• _Exercise brief_:
The copy should hold only the line containing "In this grammar" and the lines after it through the end of the material, each exact, with no pictures.

• _Information shown_:

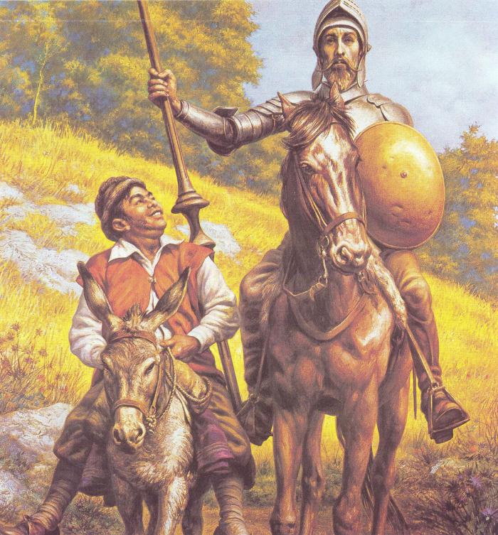 Cervantes comenzó convirtiendo la bacía de un barbero en la España «loca de riqueza», en yelmo dorado, y para el Quijote la bacía es yelmo. Si sabio fue el escritor de nuestra lengua, no lo fue menos su «ignorante» Sancho Panza, que deslumbró a su señor Don Quijote con una verdad sin límites. Le dijo Sancho un día: «A buena fe, señor, que no hay que fiar en la descarnada, digo en la muerte, la cual también come cordero como carnero; y a nuestro cura he oído decir que con igual pie pisaba las altas torres de los reyes como humildes chozas de los pobres. Tiene esta señora más de poder que de melindre; no es nada asquerosa: de todo come y a todo hace, y de toda suerte de gente, edades y preeminencias hincha sus alforjas. No es segador que duerme las siestas, que a todas horas siega…y aunque no tiene barriga, da a entender que está hidrópica y sedienta de beber a solas las vidas de cuantos viven, como quien se bebe un jarro de agua fría».
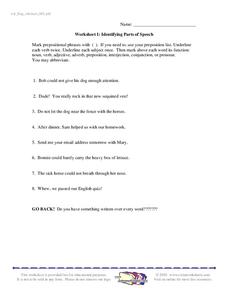 In this grammar worksheet, students master all parts of speech. Students complete 8 sentences, identifying every word and its purpose in each statement.
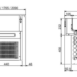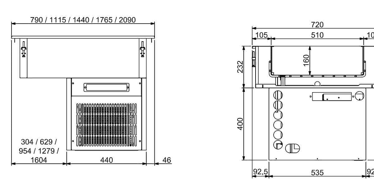 Šírka (mm):790 Hĺbka (mm):720 Výška (mm):632 Napätie (Volt):230 Frekvencia (Hz):50/60 Ampér (A):1,3 Výkon (kW):0,235 Chladiaci prostriedok:290 R Rozsah teplôt (°C):+4/+8 Inštalačná šírka (mm):765 Inštalačná hĺbka (mm):690 Obsah GN:2/1 Osvetlenie:Nie Chladenie statické / ventilované:Statický

• _Task output_:
 In this grammar worksheet, students master all parts of speech. Students complete 8 sentences, identifying every word and its purpose in each statement.
 Šírka (mm):790 Hĺbka (mm):720 Výška (mm):632 Napätie (Volt):230 Frekvencia (Hz):50/60 Ampér (A):1,3 Výkon (kW):0,235 Chladiaci prostriedok:290 R Rozsah teplôt (°C):+4/+8 Inštalačná šírka (mm):765 Inštalačná hĺbka (mm):690 Obsah GN:2/1 Osvetlenie:Nie Chladenie statické / ventilované:Statický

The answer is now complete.